The data ended up in one of the 1000 Genomes papers. (Looking at the dates on my files, it must have been from the pilot phase of the project.) I remember if this was from a final dataset or if some more tinkering happened before release. (If not final, it was close.) If I wanted to do it properly, I’d download the Phase 3 data and calculate from scratch. The data I used here was from SNPs in intergenic regions, since they are less affected by natural selection than those in genes.

Note that I’m only showing the shapes of the distributions, not the overall scale (i.e. not the actual numbers of SNPs); the latter will depend on population size and on the mutation rate, neither known very well. There’s no fitting involved. The simulated distribution is for a constant-sized population (your 10k, in fact) simulated for 20 x (population size); the Yoruba distribution is whatever came out of the sequencing. The Yoruba data is below the simulated for very low frequencies, presumably because of failure to detect low-frequency variants in the low-coverage sequencing we were doing. It’s above it for somewhat higher frequencies, probably reflecting population expansion. It also has a spike at very high frequencies because of alleles that have their ancestral state identified incorrectly; those should actually be at the low end.

gbrooks9 · July 28, 2017, 9:21am

@nashenvi

Implicit in the Young Population scenario is that the Young population is still small.

You do know, yes?, that small populations are more easily influenced by mutations? And that large one’s are rather resilient to genetic shift?

This is a well established tendency!

It is only when a population has been so diminished by natural pressures that it becomes more open to novel arrangements of alleles and/or mutations! This is the direct result of an increasingly tightening bottleneck.

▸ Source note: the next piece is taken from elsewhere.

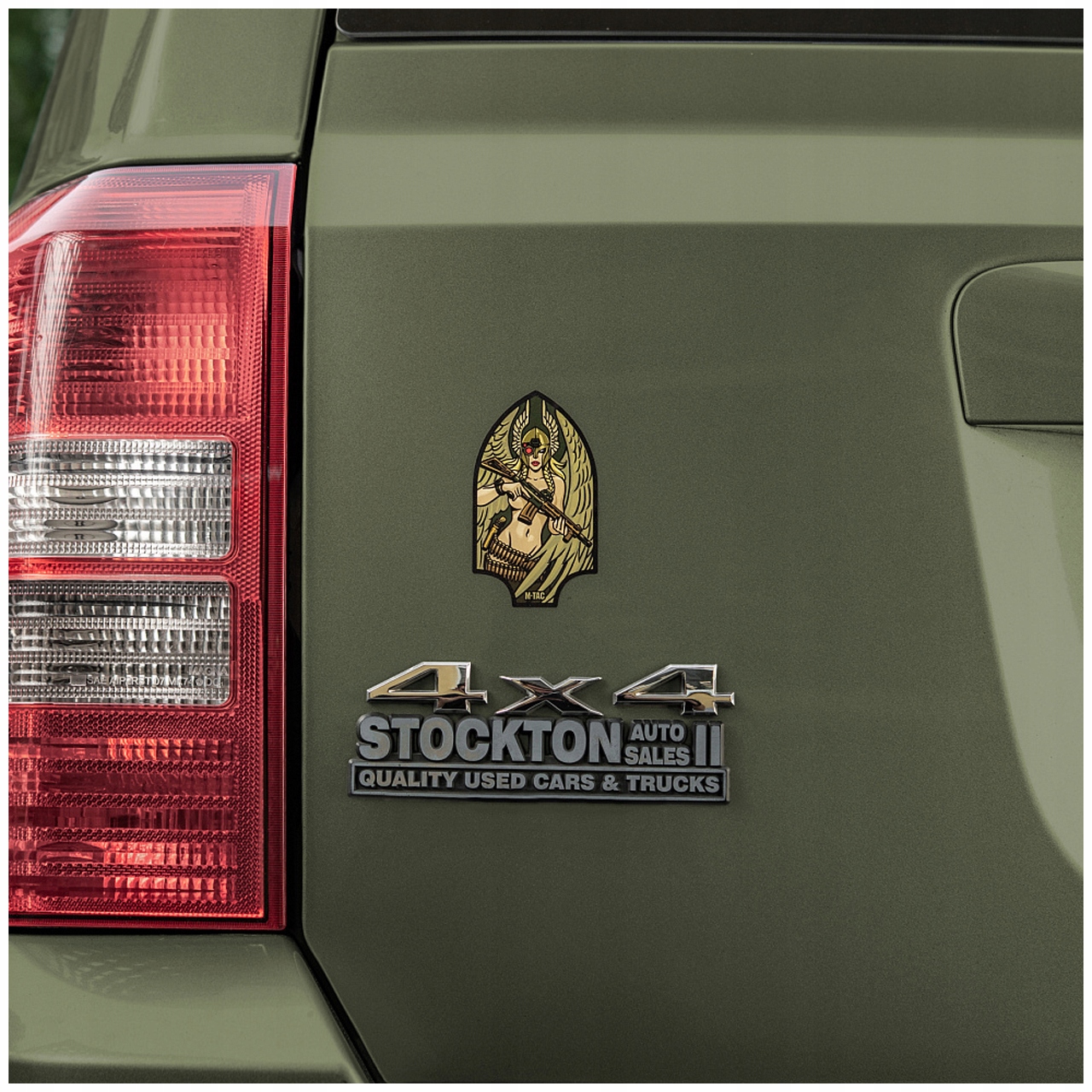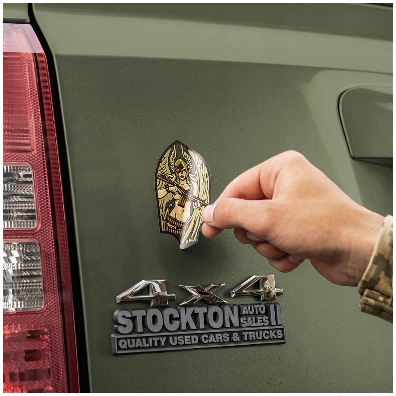 На наклейці ми бачимо модернізовану та рішучу Valkyrie у стилізованій норманській формі шолом і тримає в руках M4штурмову гвинтівку. Наклейка, виконана у формі відомої американо-канадської нашивки Arrowhead, яка є візитною карткою легендарного військового формування спецназу США (First Special Service Force), створеного під час Другої світової війни.

You can virtually see the hand of God in this!

nashenvi · July 28, 2017, 11:24am

Ah, this makes perfect sense. And the total time has to be long enough for the diffusion process to ‘feel’ the other absorbing wall, or you won’t reach steady-state. It’s no wonder my simulations don’t show this, because they treat only one absorbing barrier!

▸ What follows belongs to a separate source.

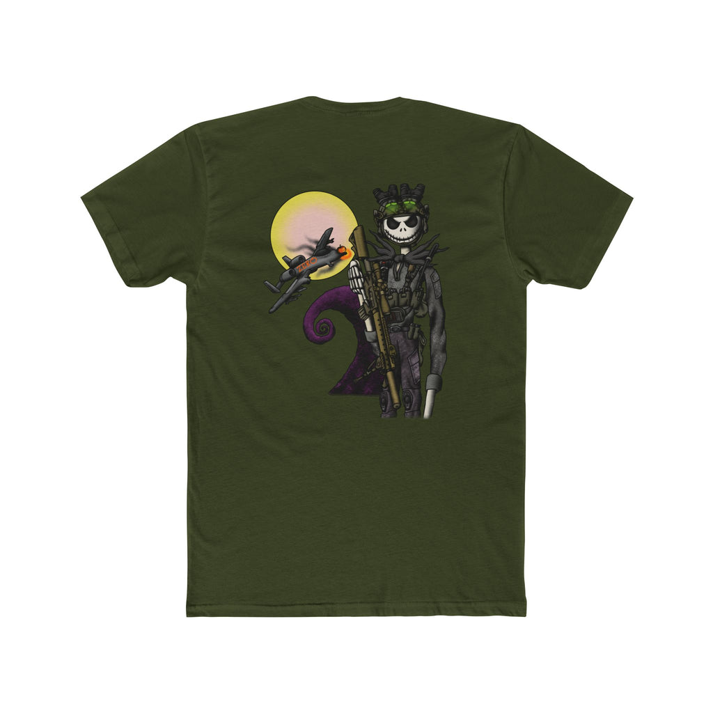 Jack Skellington takes aim with a Mk-12 while an A-10 Warthog screams overhead — spooky meets tactical in true Burton-meets-barracks fashion. Dark, funny, and full of attitude. Designed by a veteran, printed by veterans, made in the USA.

However, I’m not not sure how we get the population size out of this. If 1/f is the signature of a steady-state process, then it should fall out of any size population, as long as we wait long enough, correct? And wouldn’t it follow that the smaller the population, the less time we’d have to wait (I’m guessing that the waiting time is something like 1/N^2, based on solid state physics)?

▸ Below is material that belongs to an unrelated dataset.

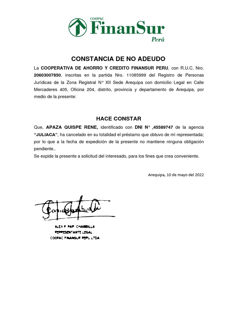 “JULIACA”, ha cancelado en su totalidad el préstamo que obtuvo de mí representada;

Also, is the Yoruba data representative of the human genome as a whole?

One more question: I’m now not sure what your ‘old population’ plot represents. In both models, you used t = 20*N on a population of N=10,000, correct? So what distinguishes the models? Did you anneal the ‘old population’ model to reach a steady-state before beginning the simulation?

nashenvi · July 28, 2017, 11:32am

George, I’m not sure I understand your question. It’s the shape of the tail that was surprising to me, because I didn’t realize that it implied a steady-state diffusion.

gbrooks9 · July 28, 2017, 4:36pm

@nashenvi:

I believe the shape of these curves correlate proportionally to how large the populations are in relation to the average incidence of new mutations and/or allele ratios vs. how steep the natural selecdtion attrition curve is for the population at a given time.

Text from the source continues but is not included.